#### Task statement
An exact reproduction of the listing is wanted, with the pictures dropped.

#### Stored data
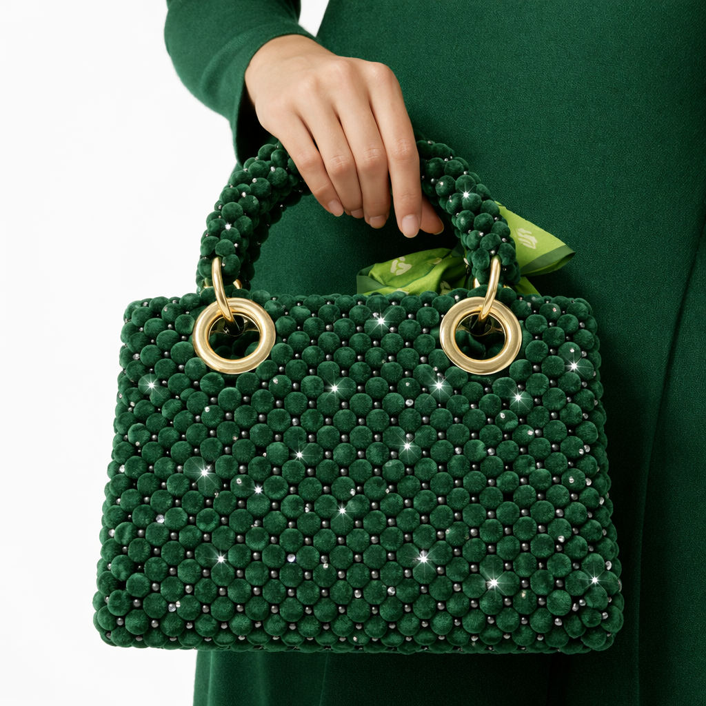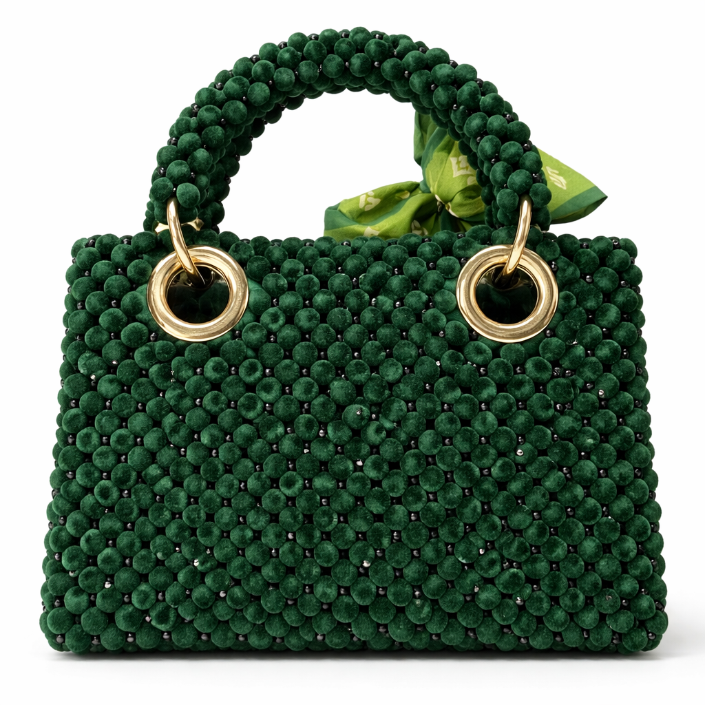 Gövdeye entegre yarım ay formundaki kulp, aynı boncuk örgü tekniğiyle üretilmiş olup, metal halka bağlantılarıyla gövdeye bağlanır. Parlak metal halkalar, kadife yüzeyin mat dokusunu kesen yapısal ve grafik bir vurgu işlevi görür. Bu detay, çantanın hem takı benzeri bir obje olarak algılanmasını hem de mekanik dayanımını güçlendirir.
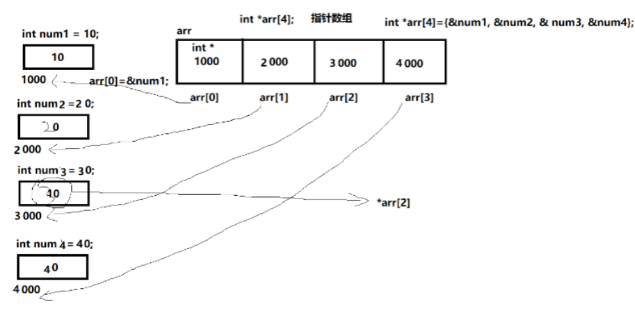 arr1是在指针数组 存放的是每个字符串的首元素的地址
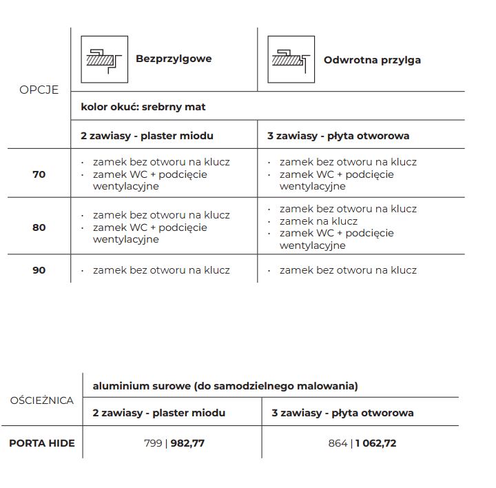 Nowoczesne modele w subtelnym wykonaniu sprawiają, że kolekcja Porta HIDE nadaje charakter wnętrzom, nie przytłaczając ich swoją obecnością. Kolekcja „Hide” to całkowicie nowa kolekcja. Drzwi pokryte lakierem klasy PREMIUM, który zapewnia nie tylko podstawową odporność na uszkodzenia ale zachowuje estetykę i wysoką jakość z sugerowanym przeznaczeniem do budynków mieszkalnych i biur.
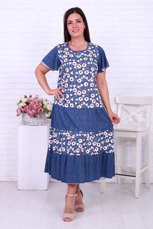 Платье женское, рукав крыло, платье длинное, воланами свободное, по переду рельеф.
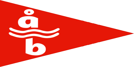 The pennant is red, at hoist is a white swan swimming to hoist over white waves, at fly are white initials "A.B.".
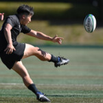 天理大は、自陣10m内側左での近大ラインアウトでのスローイングミスのボールをダイレクトに⑨北條がキャッチすると、相手陣22m内側左タッチライン沿いへキック。

#### Solution
 Gövdeye entegre yarım ay formundaki kulp, aynı boncuk örgü tekniğiyle üretilmiş olup, metal halka bağlantılarıyla gövdeye bağlanır. Parlak metal halkalar, kadife yüzeyin mat dokusunu kesen yapısal ve grafik bir vurgu işlevi görür. Bu detay, çantanın hem takı benzeri bir obje olarak algılanmasını hem de mekanik dayanımını güçlendirir.
 arr1是在指针数组 存放的是每个字符串的首元素的地址
 Nowoczesne modele w subtelnym wykonaniu sprawiają, że kolekcja Porta HIDE nadaje charakter wnętrzom, nie przytłaczając ich swoją obecnością. Kolekcja „Hide” to całkowicie nowa kolekcja. Drzwi pokryte lakierem klasy PREMIUM, który zapewnia nie tylko podstawową odporność na uszkodzenia ale zachowuje estetykę i wysoką jakość z sugerowanym przeznaczeniem do budynków mieszkalnych i biur.
 Платье женское, рукав крыло, платье длинное, воланами свободное, по переду рельеф.
 The pennant is red, at hoist is a white swan swimming to hoist over white waves, at fly are white initials "A.B.".
 天理大は、自陣10m内側左での近大ラインアウトでのスローイングミスのボールをダイレクトに⑨北條がキャッチすると、相手陣22m内側左タッチライン沿いへキック。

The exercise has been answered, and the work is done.